Thanks for your help. I just DLed the trial version VideoReDo :up: and I can't wait to give it a good trial run this weekend. I have a 3 hour (high quality) recording of "The Aviator" in the burner right now. It's a 3 hour long movie and just as much time in NV.

And you're right Nero is the best... I just wish the customer support was better, and they should've done more testing before releasing Nero7. Hopefully the bugs are worked out now. Have you tried using the Nero update tool yet? I could never get it to work, and haven't tried it in the latest version.


----------



## greg_burns (May 22, 2004)

TivoJunkie43 said:


> Have you tried using the Nero update tool yet? I could never
> get it to work, and haven't tried it in the latest version.

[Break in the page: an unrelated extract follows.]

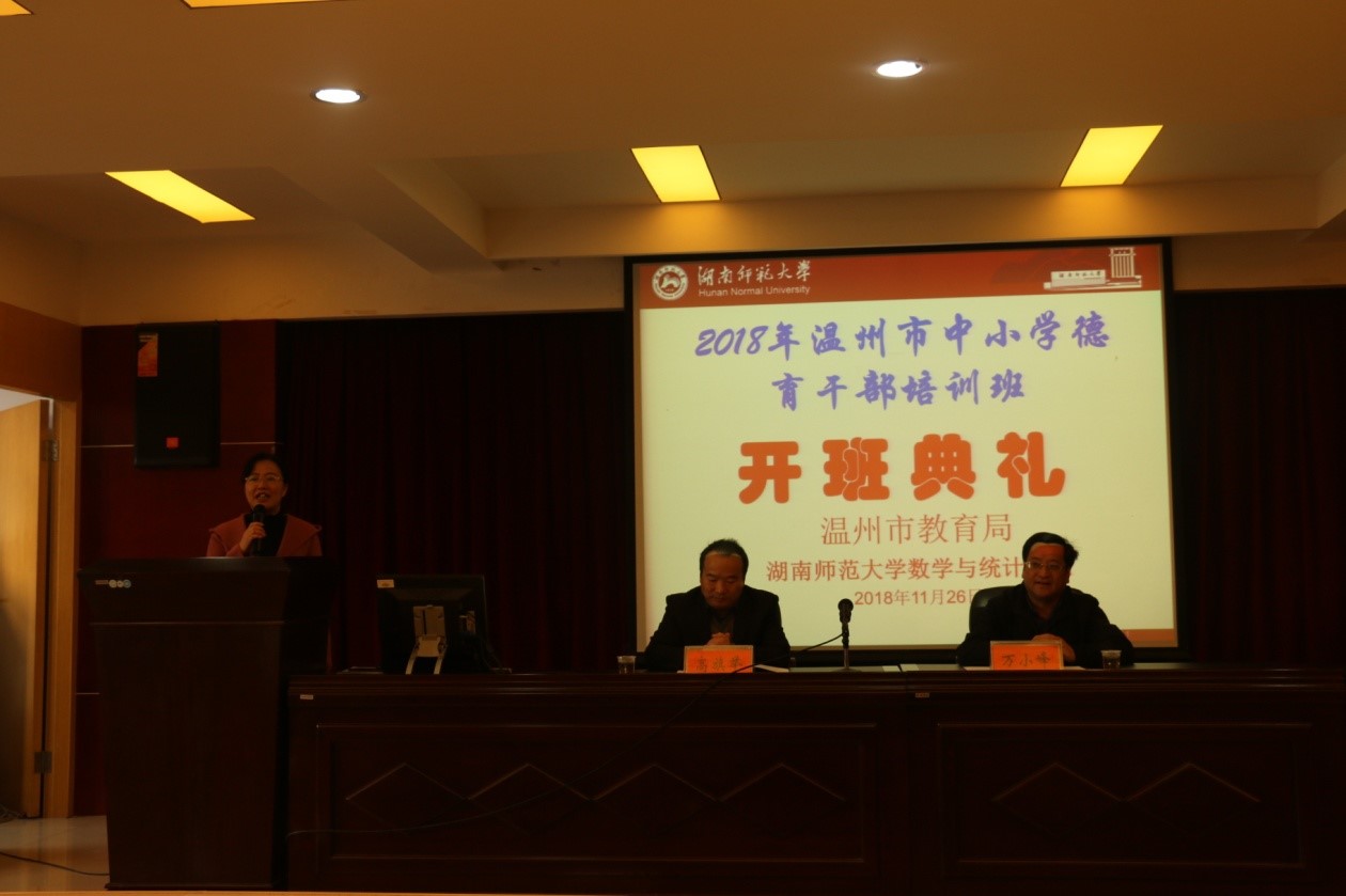 11月26日上午,2018年温州市中小学德育干部培训班开班典礼在太阳集团tcy8722309报告厅顺利举行。温州市教育局基教处处长万小峰,太阳集团tcy8722副经理高旗举出席了典礼,典礼由太阳集团tcy8722成教办主任尹冬平主持。

Where's "update tool" located at?

The Nero update button in Nero Smart Start (from v6) always worked for me (click on the Nero upper left and go to screen that shows build numbers). But it looks like they removed it from 7.  I manually went to their website last week and downloaded latest build, but it forced me first to uninstall what I had. Never used to have to do that.

What build number of VR is the trial? The tivo support has just been added within the last couple months. (v2.2.1.445 ?? )

The keeping header info is still only in the beta build. (2.2.1.456)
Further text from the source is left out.